# GIVEN MATERIAL
BEGIN
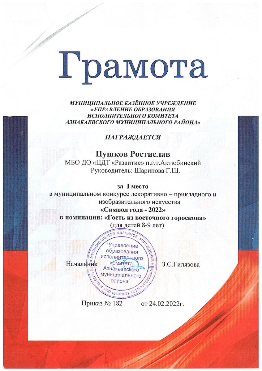 Грамота за 1 место в конкурсе "Символ года - 2022", участник Пушков Р., педагог Шарипова Г.Ш.
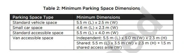 참고로, City of Surrey의 경우 프로젝트의 맨 마지막에 위치하는 주차 공간은 벽으로부터 2'-0"만큼 떨어져야 하는 조항도 있다.
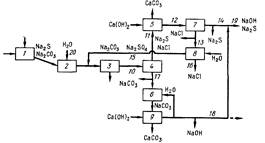 Кристаллический карбонат натрия, полученный в сепараторе 4, растворяют в аппарате 6 и подают в аппарат для подщелачивания 9. В результате получают раствор 18, содержащий в основном гидроксид натрия; в нем могут присутствовать и некоторые количества примесей. Раствор гидроксида натрия используют для приготовления варочного раствора, однако он может найти применение в любой стадии процесса, в которой используется гидроксид натрия.
END
# GOAL OF THE EXERCISE
Copy word for word every line from the one holding "참고로, City of" to the end of the listing, both ends included, but do not copy any pictures.

# RESPONSE AREA
 참고로, City of Surrey의 경우 프로젝트의 맨 마지막에 위치하는 주차 공간은 벽으로부터 2'-0"만큼 떨어져야 하는 조항도 있다.
 Кристаллический карбонат натрия, полученный в сепараторе 4, растворяют в аппарате 6 и подают в аппарат для подщелачивания 9. В результате получают раствор 18, содержащий в основном гидроксид натрия; в нем могут присутствовать и некоторые количества примесей. Раствор гидроксида натрия используют для приготовления варочного раствора, однако он может найти применение в любой стадии процесса, в которой используется гидроксид натрия.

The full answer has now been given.